Kate folded her umbrella, took Damian’s from him, and then opened the door. She ushered the children in first. They took a few tentative steps into the room and stopped to stare at Colin. Kate closed the door and propped the umbrellas against the wall before she turned around.
“You’re gaping like a fish up for air, Kate.” His voice was laced with sarcasm.
She closed her mouth and tried to cover her shock. He’d shaved off his beard. The lower half of his face was intensely pale. Without the beard he appeared even more wan, far thinner than before, but
still staggeringly handsome. The Colin she’d known had been a mere boy compared to the man lying down across the room.

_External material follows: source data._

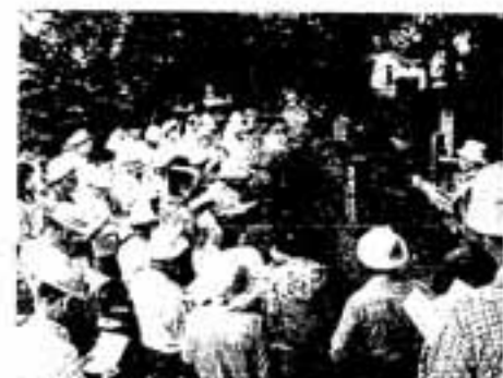
ここが有名な民本遺跡です

参加者は講師の説明に熱心に耳を傾けながらメモをとり、講師に疑問点を尋ねるなどして、雨にたたられることなく、約2時間の遺跡探訪を楽しみました。
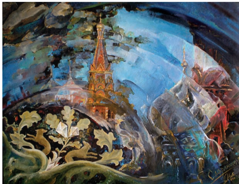
«У Чаши неотпитой» (родник в Тверской области)

заведующая сектором периодики Научной библиотеки НИУ «БелГУ»
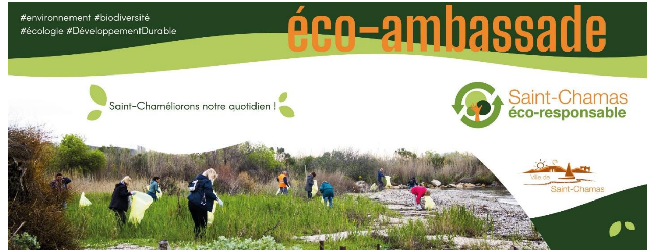
Page des éco-ambassadeurs de la ville
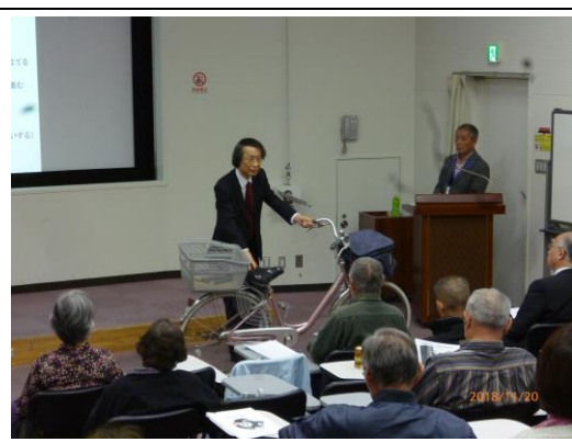
自転車交通安全講習会 (江東区シルバー人材センター)
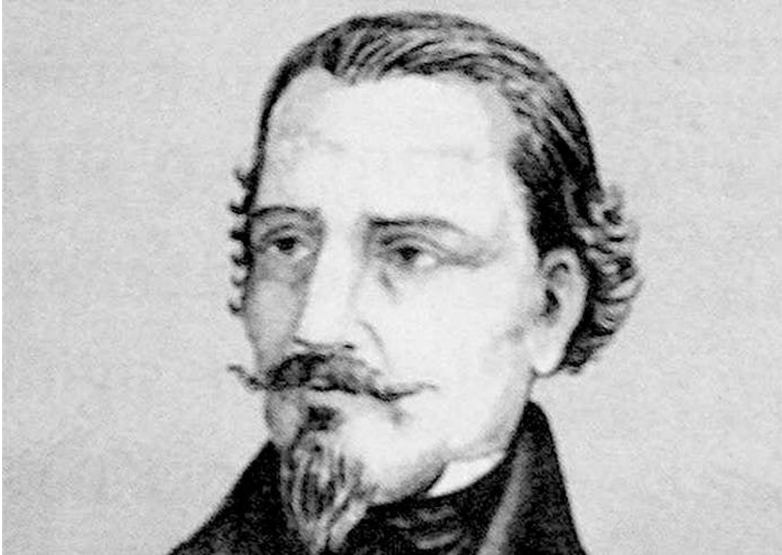
Gaietà Ripoll i Pla (Solsona, 22 de gener de 1778 - València, 31 de juliol del 1826)

Sebastià Carratalà - 22/01/2026 – Diari La Veu del País Valencià
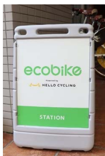
ステーションの目印

車の使用を低減することによるCO 2 排出量の削減や市街地の混雑緩和など、様々なメリットがあります。
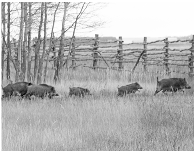
* Семейство диких кабанов.

ТАКСИ «ДИНАМИТ». Рейсы Сладково-Тюмень-Сладково. Отправление от гостиницы в 1 час. ночи и обратно из Тюмени ежедневно. Доставим и заберём пассажиров по адресу назначения. Предоставляем отчётные документы. Доставка вещей, документов. Стоимость проезда 600 руб. ИП «Губанов А.И.» Обр.: т. 8 9323202020.
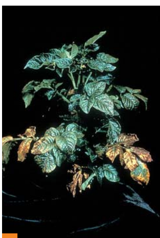
■ Carence en K sur pomme de terre
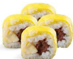
SUSHI CHOCO BANANA (4pz) Sushi ripieno di nutella® e banane € 5.00
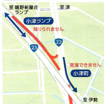
③ 小津町/小津ランプ 8:30~11:50
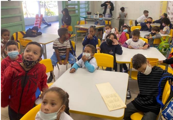
Figura 32 - Caixa mágica

4º Foi realizado com a apresentação de fotos da brincadeira com as caixas, e da performance dos galhos.
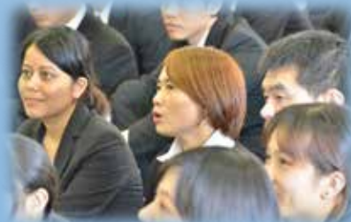
自分の国の国歌を口ずさんで
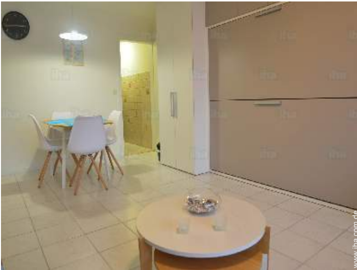
Innenkomfort und Ausstattung
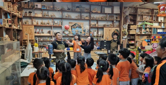
Học sinh lớp Lavenders đã có trải nghiệm tuyệt vời tại Creative Gara.

He was lounging on the bed as usual, but his forehead and upper lip were beaded with sweat. His dark, curly hair was still long, the curls in front clinging to his damp hairline. His hands were shaking. Kate’s first instinct was to go to him, but the sight of his cane lying on the floor stopped her.
He’d been walking, or at least making an attempt. Now he was trying to appear nonchalant, trying to hide his efforts though she could see what they cost him.
He looked at the children for a moment and then turned to Kate with a silent get-them-out-of-here stare.
“Colin,” she began, “this is your niece, Marie, and your nephew, Damian. They were going stir-crazy in the house and I thought it was high time you met them.” To the children she said, “This is your uncle, Colin Delany.”
Marie was clutching the plate of pralines so tightly that Kate asked her to set them on the bedside table. When Marie balked, Damian piped up, “I’ll do it, ‘fraidy cat.”
He took the plate from Marie and, holding it before him like an offering to a king, he used great care crossing the room. He set the plate on the table and then backed away. His eyes never left Colin.
“That’s pralines. We made ‘em. They’re mostly sugar and butter with a few pecans. There woulda been more pecans but we ate them. Wanna taste one?”
Kate held her breath.
Please be civil, Colin. Please try
.
He glanced at her with steel in his eyes, turned to the boy, and shrugged.
“Might as well,” he said.
Instead of passing the plate over, Damian picked up a praline and slowly carried it on his palm within Colin’s reach. They all watched Colin take a bite, waiting.